8) Um dos pontos mais criticados da obra Junguiana é a paranormalidade (telecinesia, combustão espontânea, sincronicidade, visão áurica) . Como você vê este ponto, de forma geral?
       Resp: Jung queria apenas estudar esses fenômenos. O fato é que eles realmente acabam surpreendendo as pessoas. A Sincronicidade, por exemplo, é um fenômeno muito comum e os clientes trazem conteúdos desta natureza constantemente no consultório. O perigo é quando estes fenômenos são vistos como "mágicos/místicos", pois desta forma podem ser direcionados a contextos fora da realidade, e a pessoa pode se perder. A Sincronicidade pode auxiliar o cliente em alguns momentos para reafirmar uma idéia/caminho, e isso acontece desde os primórdios de nossa existência. Na história da humanidade temos conhecimento do quanto os oráculos antigos acabaram influenciando no destino de cidades e pessoas. Lembro-me do Prof. Antônio Maspoli (psicólogo junguiano) dizer em um Congresso a seguinte frase: "ao psicólogo não cabe descobrir se o duende existe ou não, mas sim, analisar como a crença em duendes afeta o comportamento humano". E creio que Jung também tinha interesse apenas em estudar estas influências na psique humana.
 
 
9) A interpretação dos sonhos pode ser considerada um ponto chave no tratamento?

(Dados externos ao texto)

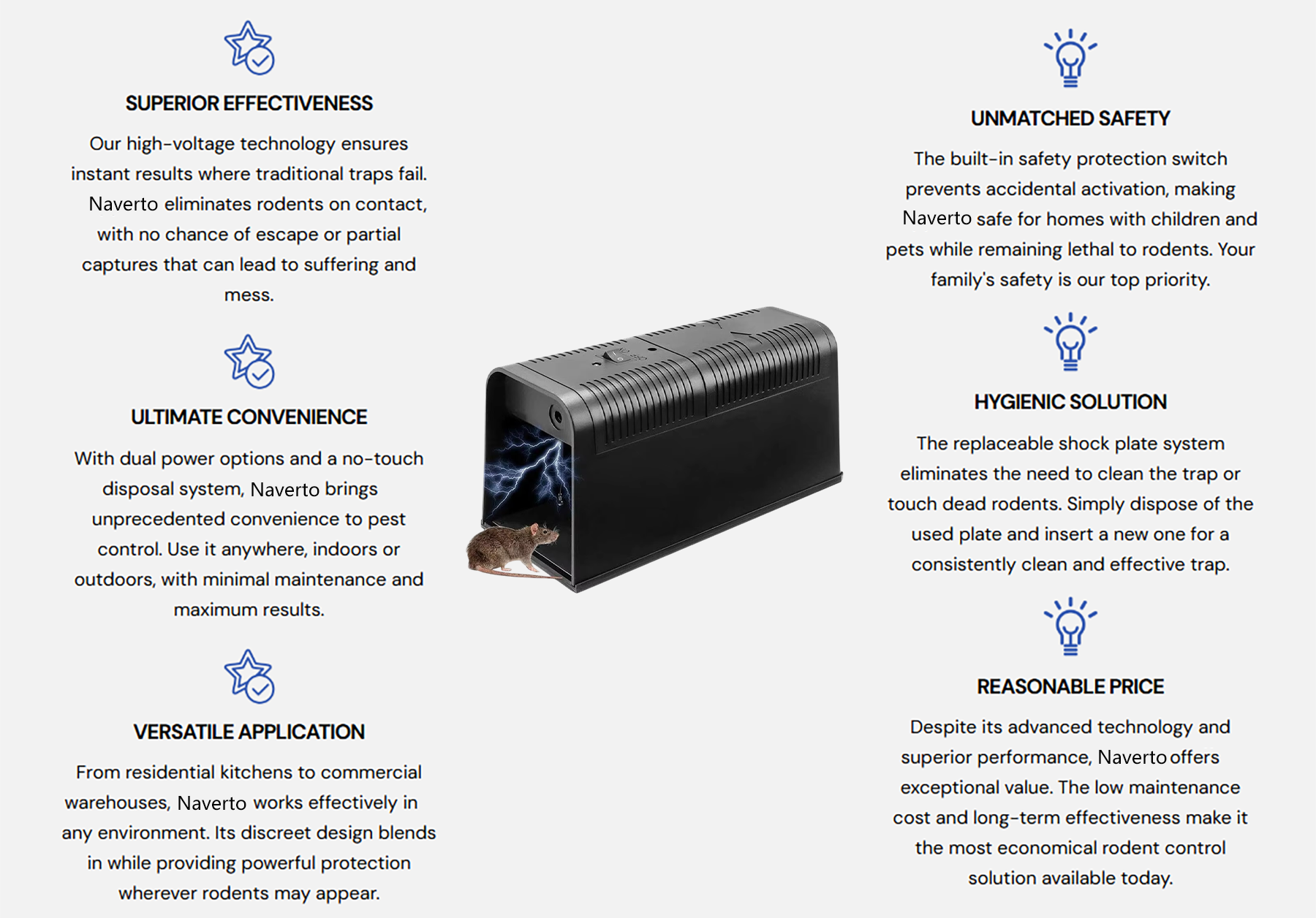 Naverto uses high-voltage electric shock to eliminate rodents instantly when they make contact with the electric plates.

       Resp: Sim. O trabalho com os sonhos são importantíssimos para o processo. Eles mostram um caminho, organizam a psique, identificam aspectos da sombra e as possibilidades de transformação. Mas as vezes o cliente tem dificuldade de sonhar/lembrar dos sonhos, e nestes casos acabo explorando os símbolos através de recursos expressivos como desenhos, argila, caixa de areia, etc. De qualquer forma o universo simbólico é o instrumento mais valioso desta abordagem. 
 
 
10) Qual a principal diferença, para você, do método de tratamento da psicologia analítica em relação aos outros métodos de tratamento psicoterapêuticos?

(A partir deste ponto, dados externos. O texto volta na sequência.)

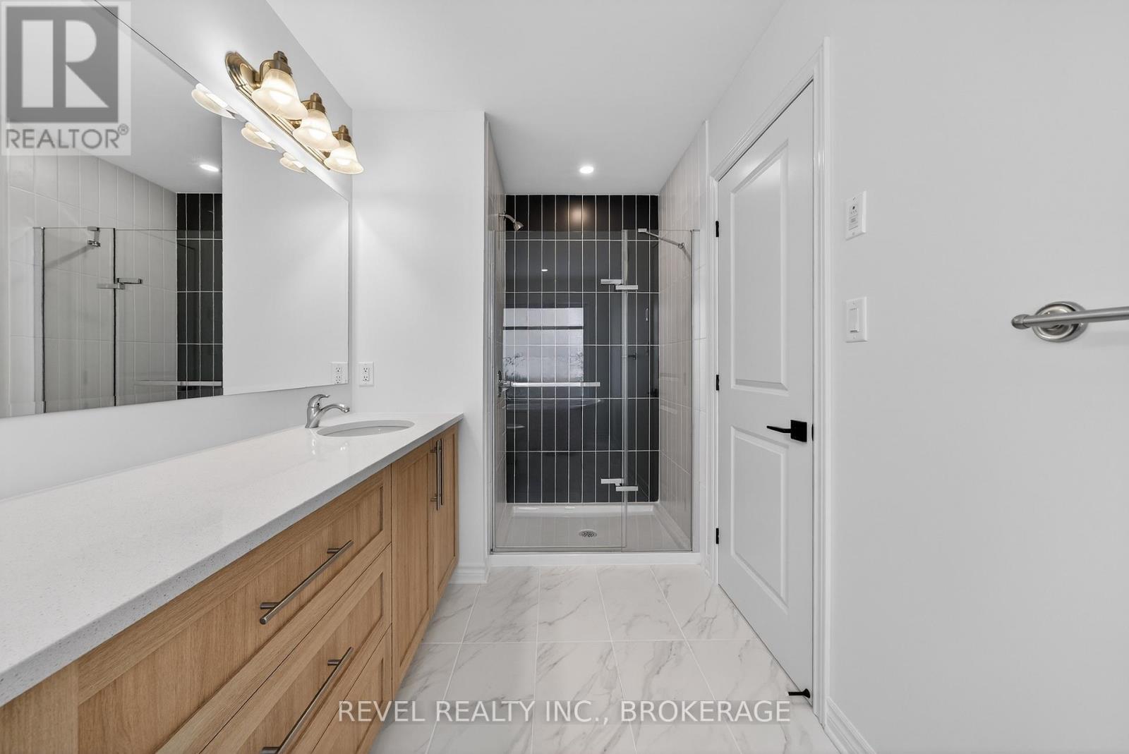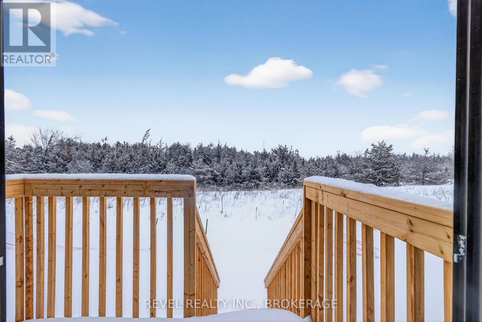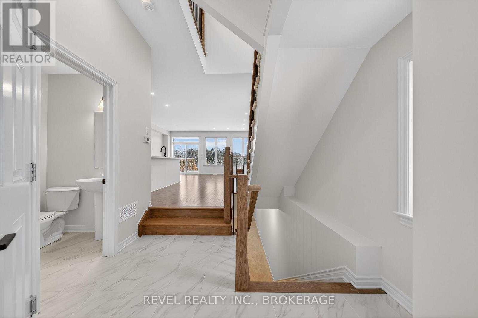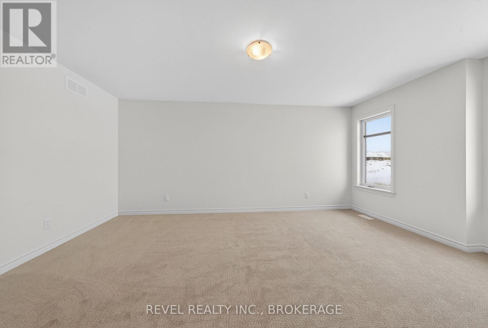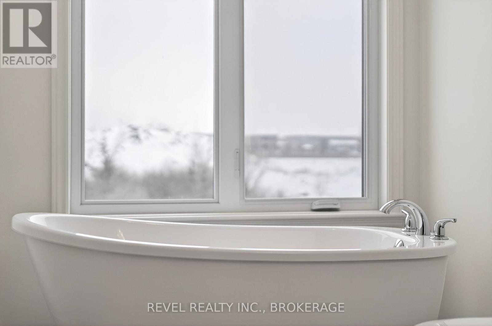 Welcome to The Camden Model! A move-in ready end-unit townhome with 2,160 sq ft of thoughtfully finished living space, located in Kingston's desirable northwest WoodHaven neighbourhood. The main level is highlighted by maple hardwood flooring, quartz countertops throughout, and a light-filled kitchen featuring white shaker-style cabinets, an upgraded sink, and a generous walk-in pantry. A gas fireplace adds warmth and character to the living area. Upstairs, the primary retreat offers a luxurious 4-piece ensuite with a freestanding soaker tub and a sleek walk-in glass/tile shower. The finished basement expands your living options and includes a bathroom rough-in for future flexibility. ENERGY STAR certified, this home blends modern design with efficiency and everyday comfort. (id:29295)

         Resp: Creio que não é por acaso que a Psicologia Junguiana também é conhecida como Psicologia Profunda. O que percebo nesta abordagem é que o processo de individuação acaba despertando o cliente para novas formas de olhar-se. Os símbolos acabam conduzindo-os a partes profundas da psique, fornecendo respostas únicas para cada processo. Apesar da densa teoria formulada por Jung, ele se preocupava em não intelectualizar sua proposta. 

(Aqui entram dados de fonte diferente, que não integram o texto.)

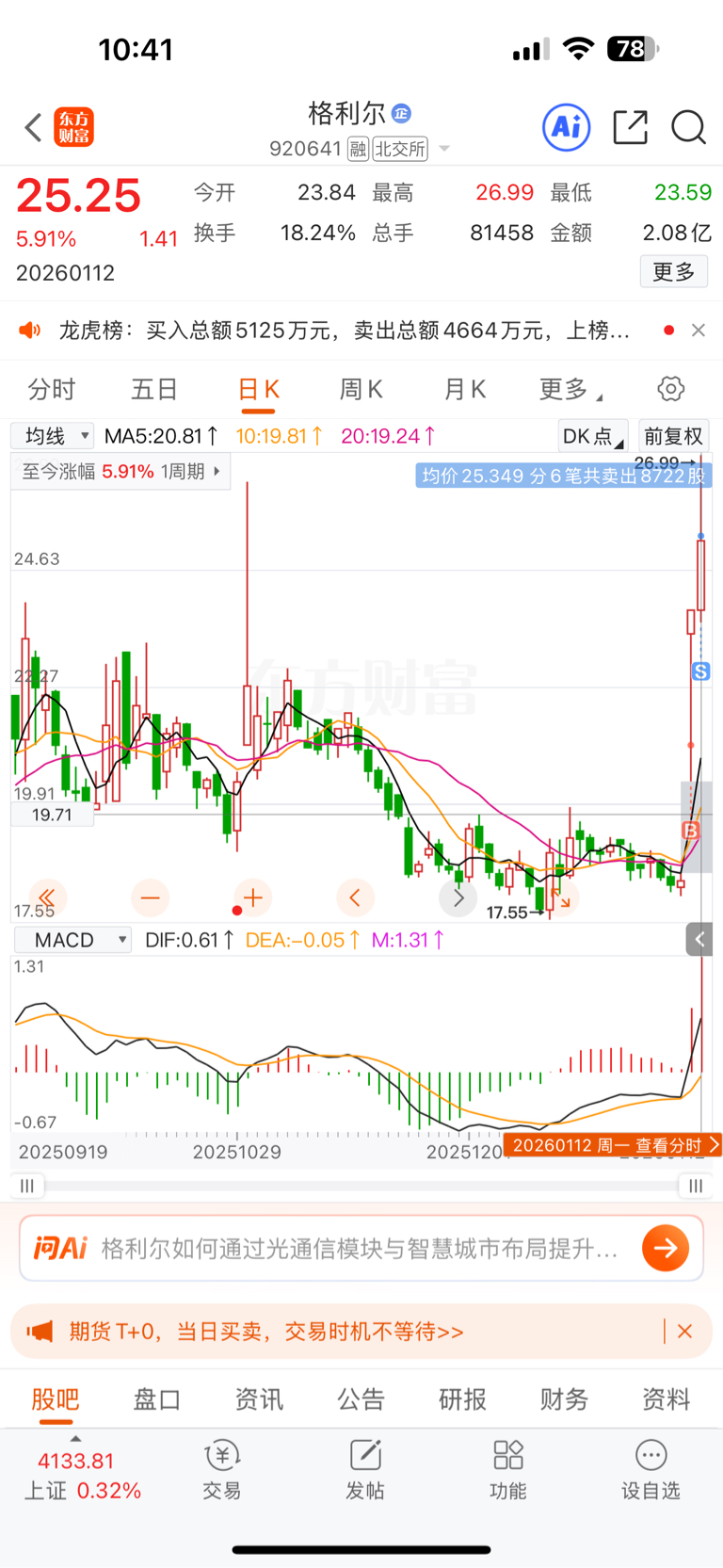 $格利尔(SZ920641)$ 没有卖在高点,当时也吃了20个点

O que percebo comparativamente do pouco que conheço sobre a Psicologia Cognitiva Comportamental ou Behaviorista, por exemplo, é que eles focam na eliminação do sintoma. Por isso a Medicina Tradicional se identifica tanto com esta abordagem. Já os junguianos vêem o sintoma como um símbolo, e assim usa este aspecto como base para aprofundar e transformar a doença. A depressão torna-se, por exemplo, uma oportunidade de olhar-se, de analisar os aspectos da vida que precisam ser reavaliados, e não apenas uma doença que precisa ser medicada/exterminada. Mas de qualquer forma o fato de existirem tantas abordagens na Psicologia mostra que existem várias formas de ver estes seres humanos complexos e diferentes. Cada abordagem têm o seu valor, e eu teria que ser uma profunda conhecedora de todas as teorias para conseguir compará-las com a Junguiana.